Impact: Approximately 291,000 thumb-nailing/resizing for images (which is what the thumbor service is for) requests failed and were returned as 503s (an HTTP error code). 76,000 of those from the offending IP. The incident affected eqiad and esams, so predominantly Europe and East Coast of the American Continents.
All timelines are on 2020-05-11 and are UTC
We were paged by icinga, roughly 40 mins after the behavior started.
- 12:11 approximately: Thumbor is starting to return a large number of 404s and a little bit later of 503s. Peaks are at 75rps and 104 rps respectively. Incident begins. It will take another 36 minutes before it becomes critical
- 12:47: SRE gates paged. Multiple people respond
- ~12:50: It is noted in graphs that thumbor is serving a lot of 404s and 503s to the caching proxies. Latencies have skyrocketed. From 1s to 12.5s for the p75 and from 5s to 15s for the p98
- 12:54: A single IP gets noticed for having requested 20x the number of requests the 2nd in order has.

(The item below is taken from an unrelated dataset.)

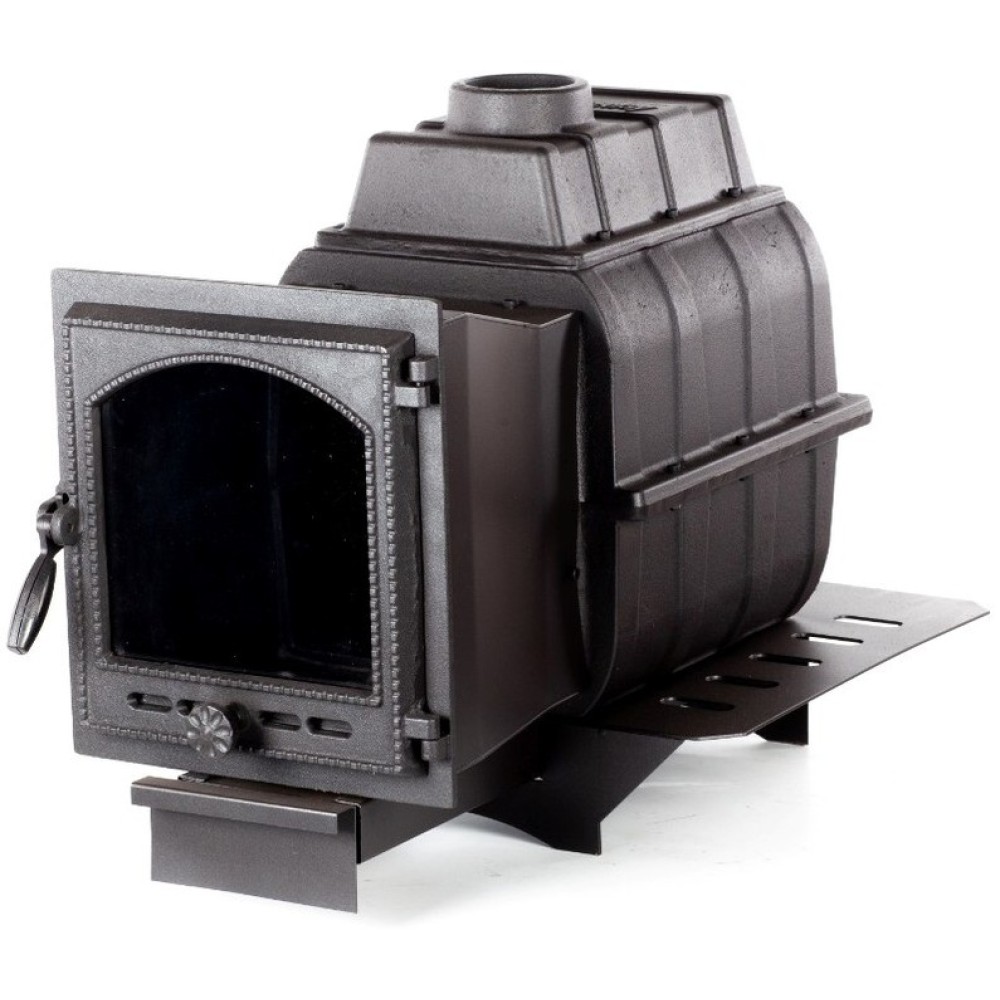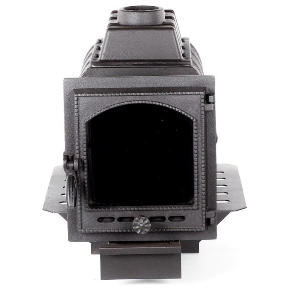 - Чугунная дверца с термостойким стеклом обдувается воздухом (создана воздушная завеса), не подвержена оседанию копоти, обзор со временем не теряется;

- 13:02: A rule is put in the caching proxies to block the aforementioned IP
- 13:08: It becomes apparent that block isn’t working.
- 13:13: The block is fixed and set correctly. However the block is for the IPv6 only (as the IPv4 one isn't known)
- 13:18: It becomes apparent that swift is setting Cache-control: no-cache when returning 404s which disallows caching, even for a short amount of time on the caching proxies, which would have worked as a back pressure mechanism
- 13:19: The offender falls back to their IPv4 address now that their IPv6 is banned.
- 13:23: Questions on why Thumbor’s rate-limit for originals isn’t kicking in
- 13:26: Blocks are updated with the IPv4 address. This time around the solution seems to hold
- 13:26: Incident ends
- 13:27: Question about the haproxy queue not having anything in it. The premise of the queue is to buffer requests when thumbor is under stress, which it did not do for some reason
Links to dashboards
-  https://grafana.wikimedia.org/d/Pukjw6cWk/thumbor?panelId=39&fullscreen&orgId=1&from=1589198924772&to=1589202380033
-  https://grafana.wikimedia.org/d/Pukjw6cWk/thumbor?panelId=35&fullscreen&orgId=1&from=1589198924772&to=1589202380033
-  https://grafana.wikimedia.org/d/Pukjw6cWk/thumbor?panelId=34&fullscreen&orgId=1&from=1589198924772&to=1589202380033
Screenshots of the above dashboards are below as well:
We were paged by icinga, roughly 40 mins after the behavior started. The alert was the LVS one, about the entirety of the service. No alerts prior to that, despite the event having started 30+ minutes earlier.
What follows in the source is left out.